In the mid-1990s, Maine sued tobacco companies to reimburse Medicaid for the costs of treating smoking-related health issues. And, in 1998 with 45 other states, the Pine Tree State reached “the largest civil litigation settlement in U.S. history” through the Master Settlement Agreement (MSA).[xiii]
Under the MSA, states receive annual payments – in perpetuity – from the tobacco companies, while relinquishing future claims against the participating companies. Between 2000 and 2020, Maine collected $1.1 billion in MSA payments.[xiv]
Tobacco taxes and tobacco settlement payments are justified to help offset the costs of smoking, as well as prevent youth initiation. Like most states, Maine spends very little of existing tobacco moneys on tobacco control programs – including education and prevention.
Between 2000 and 2020, Maine allocated only $243.7 million in state funds towards tobacco control programs.[xv] This is 9.8 percent of what the state collected in cigarette taxes in the same 20-year time span and 22.1 percent of MSA payments. In total, in 20 years, Maine allocated only 6.8 percent of what the state received in tobacco taxes and settlement payments towards tobacco education and prevention efforts. In essence, for every $100 received in tobacco-related taxes and settlement payments, the state spent $6.80 funding tobacco control programs.
More specifically, when the state has increased the cigarette tax, it has not increased funding for tobacco control. In 2005, Maine collected $91.9 million in cigarette taxes. Two years after the tax hike, the Pine Tree State collected $153 million in cigarette taxes – a 66.5 percent increase. In the same period, tobacco control funding only increased by 3.5 percent, from $14.2 million in 2005 to $14.7 million in 2007.

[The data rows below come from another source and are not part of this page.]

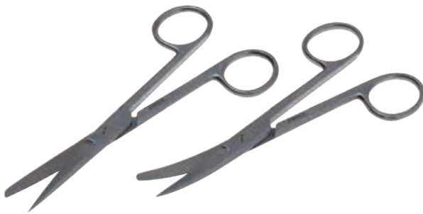
一般外科剪刀 ネジ止 Operating Scissors Standard 商品コード 規格サイズ B022-0287 14.5cm 直 片尖 ※左利き専用有 P142 B022-0306 14.5cm 曲 片尖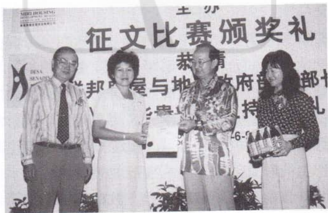
1998年6月14日摄于颁奖礼上

后记：此散文原名《幼教心得》，是一九九八年国际时报“真人真事”征文比赛得奖作品；同年七月一日刊登于国际时报。九年后重读此文，觉得走入幼教生涯廿七年，无怨无悔。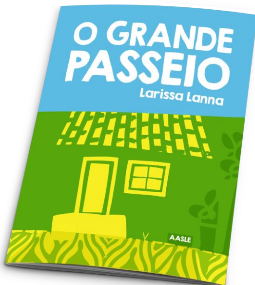
O Grande Passeio Autora: Larissa Lanna Editora: Portal do Logosófico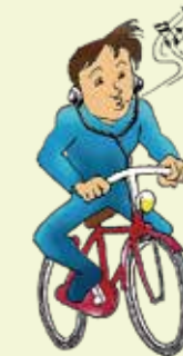
イヤホーンの使用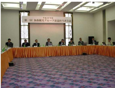
平成22年度加森観光グループ索道担当者会議 会議（6月17日）… 夕張リゾートホテル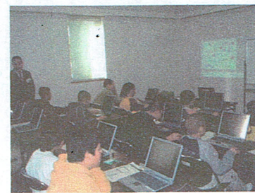
すごろくづくりに挑戦

が参加しました。 カラオケや生演奏をバックにダンスなどで大いに盛り上がり、参加たちがひとつになつて、楽しい時間はあっという間に過ぎてしまいました。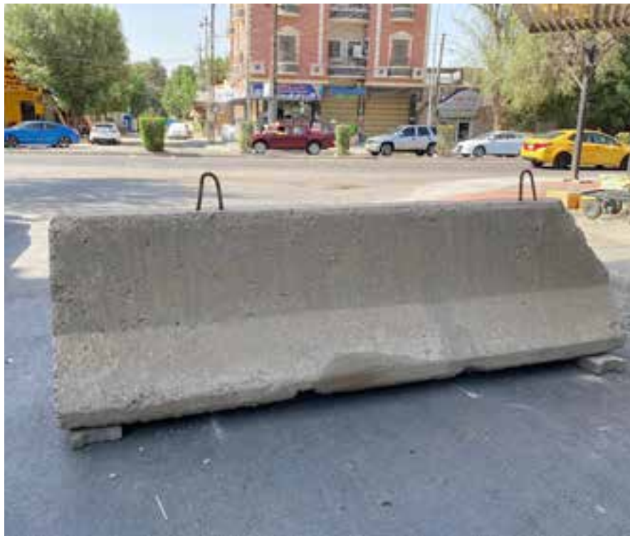
بذرائع أمنية يعتمد البعض على إغلاق الرزاق الذي يقع فيه مكتبه!

وتنقل وكالة أنباء "العربي الجديد" عن مسؤول أمني في وزارة الداخلية، قوله أن "عشرات الشكاوى ترد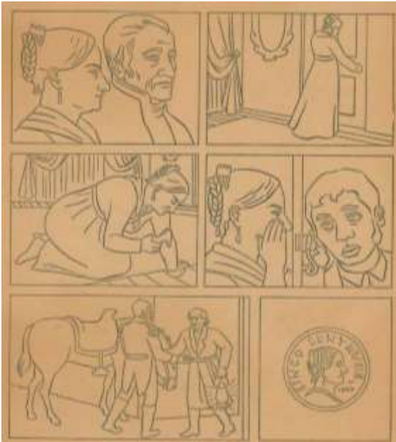
“Josefa Ortiz de Domínguez” (Domínguez y León, 1960a: 209)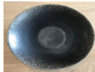
MA SP AN AC / APA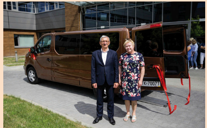
To auto służyć będzie niepełnosprawnym mieszkańcom gminy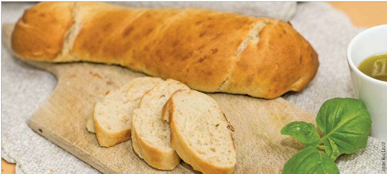
Egy kis fokhagymás olívaolajjal isteni finom!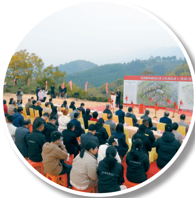
■12月27日,德高信茶文化酒店动工仪式在清远英德市黄花镇三山村德高信茶园举行。

下一步,黄花镇将激活明迳倒映、彭家祠古堡、永丰古桥等历史人文景区,引入乐天游低空飞行基地,以及潜舍、满舍等一批精品乡村酒店、乡村民宿,发展壮大农文旅产业……迎着“百千万工程”春风,黄花镇抓住产业这个根本,围绕打造山水风光特色小镇目标定位,把规划图逐步变成施工图、实景图,书写茶韵峰林、浪漫黄花的新篇章。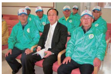
▲救急センターの待合室は、広くて暖かい。内覧会見学の皆さんと。(23年1月)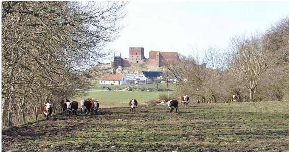
Centerlinie fra Hammersholm, Slotsgården i forgrunden

Slotsgården ligger uheldigt midt i centrale sigtelinier fra Hammersholm, og forstyrrer oplevelsen af Hammershus beliggende på sin karakteristiske klippeknupe midt i et unikt landskab. Naturstyrelsen vil nedrive Slotsgården som en del af projektet.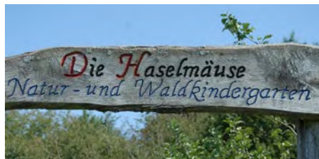
Abb. 1 Der Waldkindergarten „Die Haselmäuse“

Naturverbundene Früherziehung findet, je nach Region, auch in anderen Einrichtungsformen wie in Strand- oder Bauernhofkindergärten statt.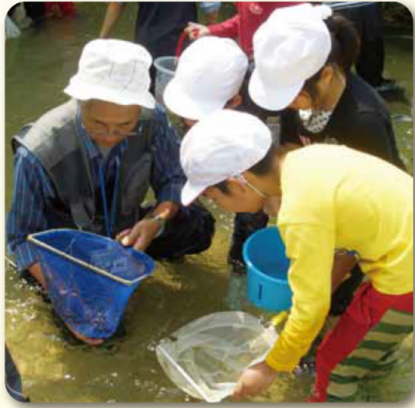
四日市市立下野小学校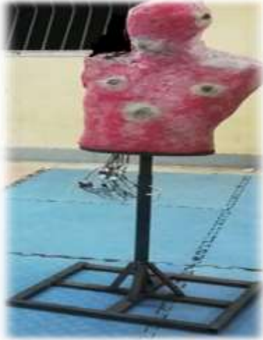
شكل (٣) يوضح الشاخص الإلكتروني الثابت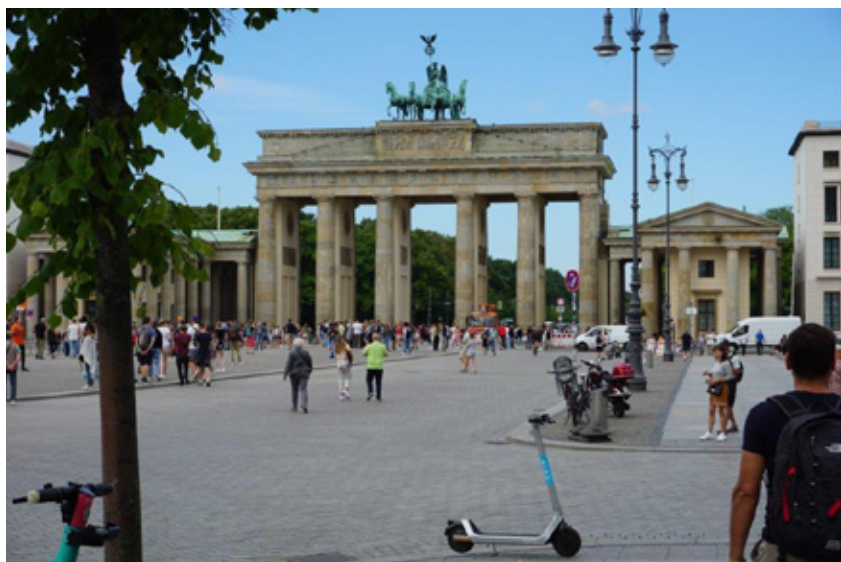
Brandenburger Tor i Berlin.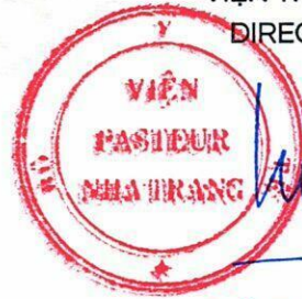
Đỗ Thái Hùng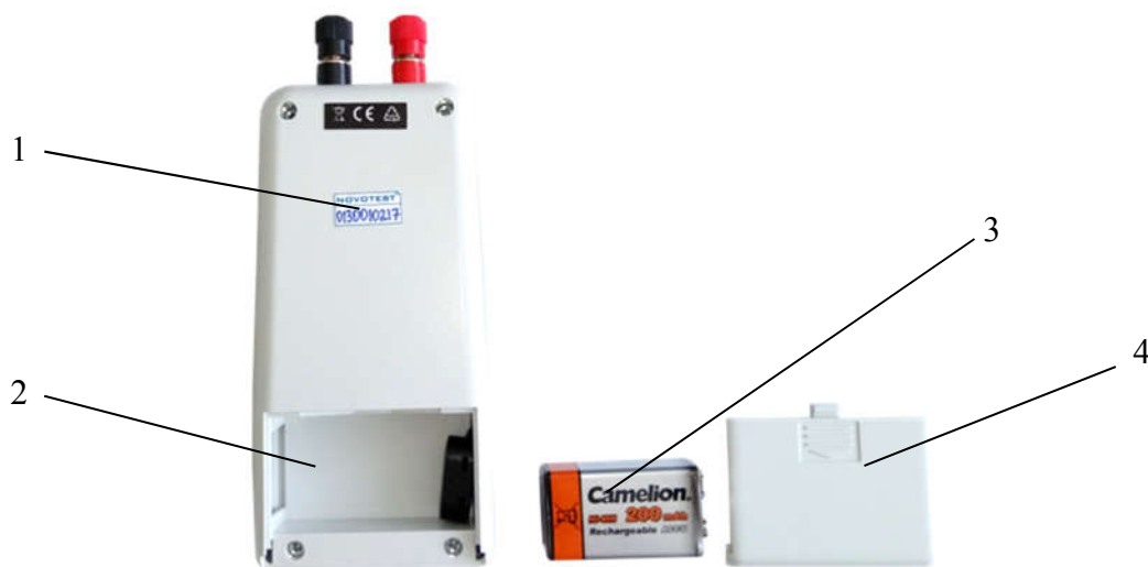
1 – серийный номер прибора; 2 – батарейный отсек; 3 – аккумуляторная батарея «Крона»; 4 – крышка отсека размещения батареи.

Для заряда аккумуляторной батареи необходимо воспользоваться зарядным устройством. Запрещается оставлять зарядное устройство во время заряда аккумулятора без присмотра.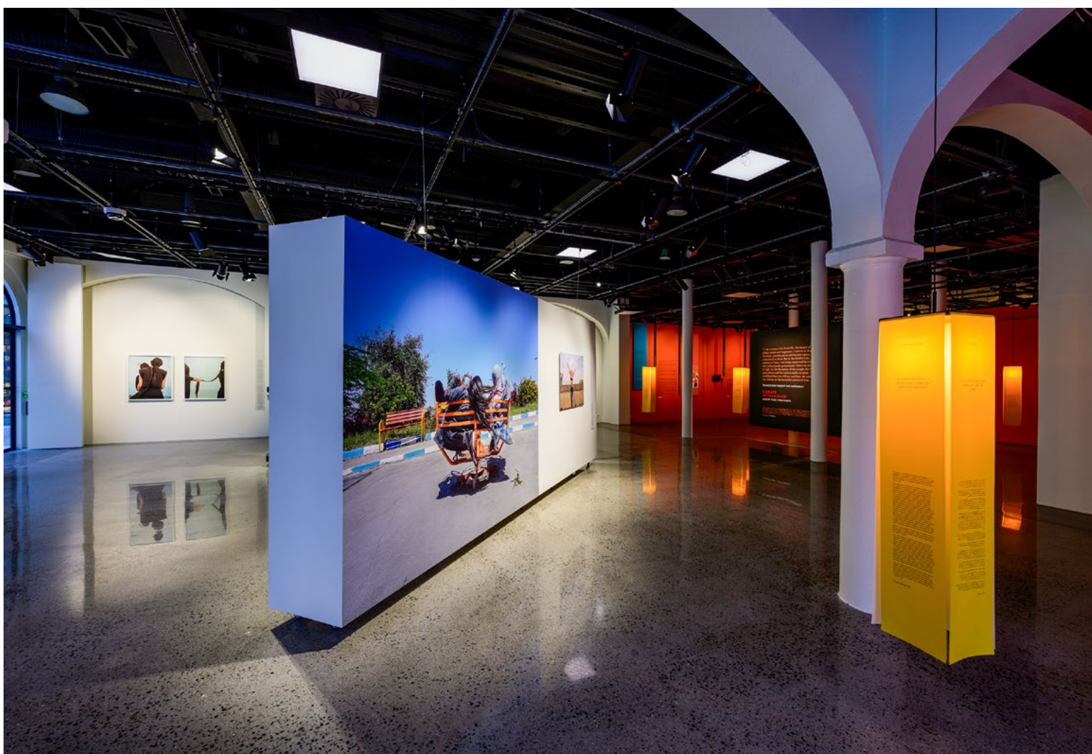
Kontrasten mellom de to utstillingsdelene er tydelig. Det var viktig for fredsprisvinneren og fotografene at hver del skulle kunne forstås uavhengig av den andre. Minnelanternene med tekster på tre språk var både følelsesladet og et viktig estetisk grep.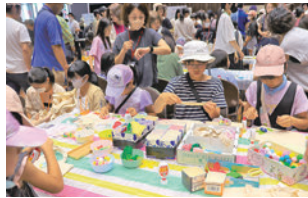
オリジナルエコバック作り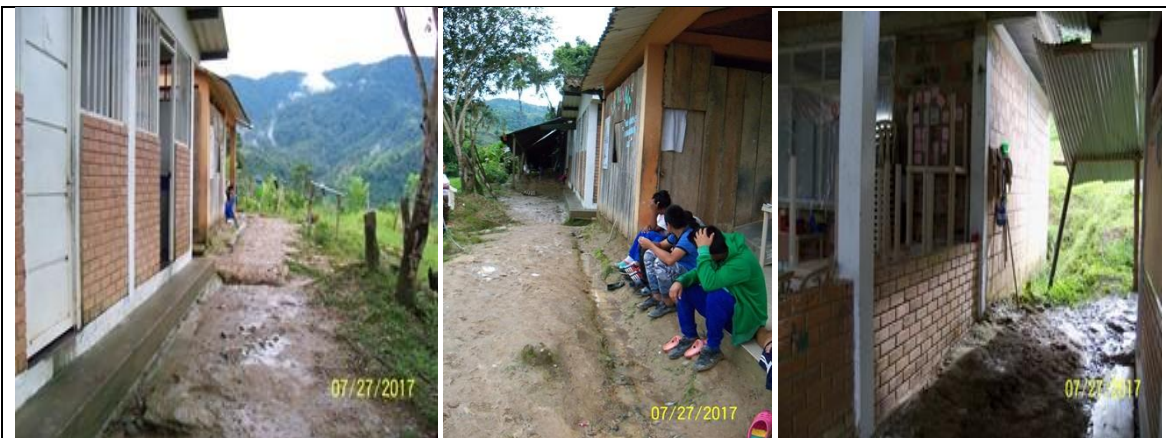
Área disponible para la circulación cubierta, la cual comunicará los módulos de dormitorio niñas, batería baños, comedor, dormitorio niños y cocina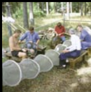
Gillesgänget bödar hommar.

Ålen fångas i ålahomnor på sin mystiska vandring till Sargassohavet. Ålen är en av de få arter som fortfarande har hemligheter för människan. Inget vet helt säkert hur ålen lever och vandrar. Men vi vet att den varje år passerar Åhus och Ålakusten. Det är då vi ställer med ålagille. Och därför är det bara här du kan uppleva ett äkta ålagille.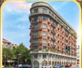
อาคารอู่คัง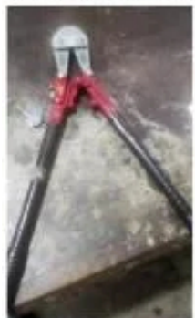
Ferramenta usada no crime foi apreendida com os bandidos

Um homem com várias passagens pelos meios policiais foi preso e um adolescente foi apreendido minutos após cometerem um furto no município. Fiação elétrica e ferramentas foram apreendidas com os envolvidos.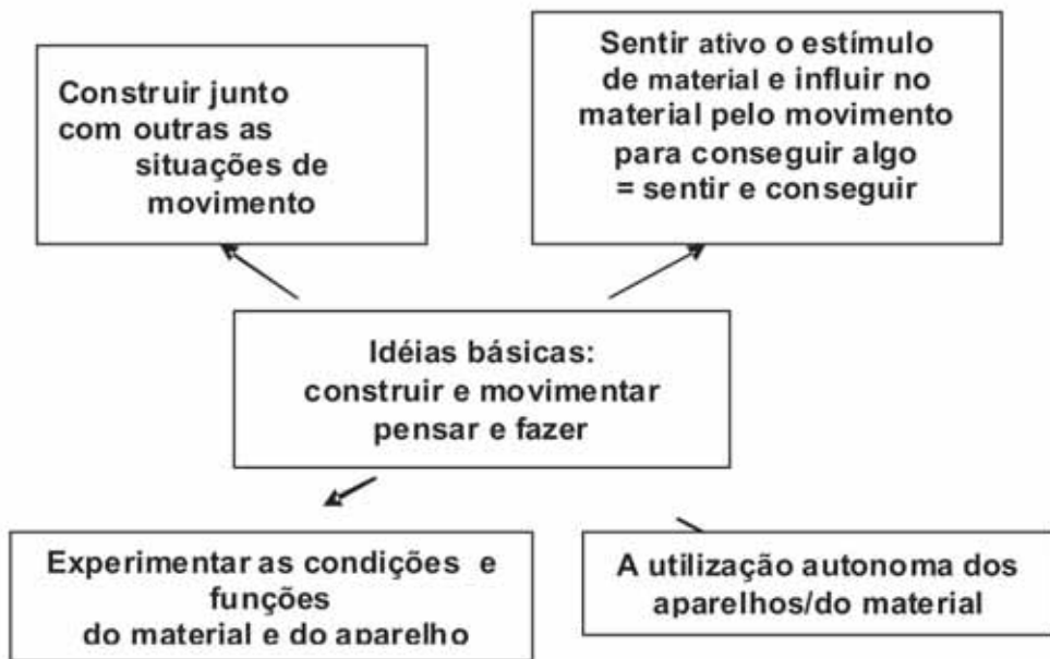
Fig. 1 Objetivos pedagógicos.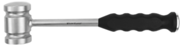
Martillo con Mango de Silicon Mediano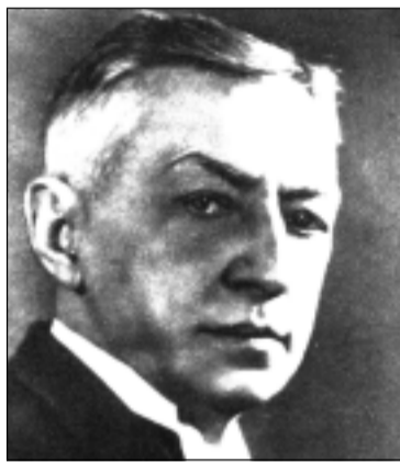
Бунин И.А. Премия в области литературы 1933 года.

го как писатель. Первая книга рассказов у него вышла в 1897 году, там – «Весть с Родины», «На краю света», «Танька» и другие его произведения. Знаменитые «Антоновские яблоки» напечатаны в 1900-м, в том же году «Эпитафия», в 1911 году изданы великолепные повести «Деревня» и «Суходол». В его тогдашнее окружение входили писатели, вышедшие из городских сословий, но массовый читатель скорее принимал Бунина-деревенщика, нежели молодого урбаниста. Тема деревни занимала основное место в бунинской прозе вплоть до 1914 года. Вызовы нового времени, взбудораженного мировой войной, проявились у него ощущением катастрофичности человеческой жизни, несбыточности и суетности поисков человеком «вечного счастья» («Братья» – 1914 год, «Чаша жизни» и «Господин из Сан-Франциско» - 1915-й).

(See supplemental graph 1.4)
Flavors Are Not Main Reason for Youth E-Cigarette Use
In in a misguided attempt to address youth use of vapor products, many lawmakers in many states, have proposed banning the sale of flavored tobacco and vapor products. Again, while addressing youth use of any age-restricted product is a worthwhile goal, banning flavored tobacco and tobacco harm reduction products from law abiding adults is a farce to public health. Moreover, data from many youth studies indicate that flavors are not being overwhelmingly cited by youth as a reason for e-cigarette and vapor product use. Other factors, namely friends and social sources are cited more often than flavors.
In 2019, among all Connecticut high school students, 5.2 percent reported using e-cigarettes because of “flavors,” 18.2 percent cited “other,” and 12.9 percent reported using e-cigarettes because of friends and/or family.[xvi]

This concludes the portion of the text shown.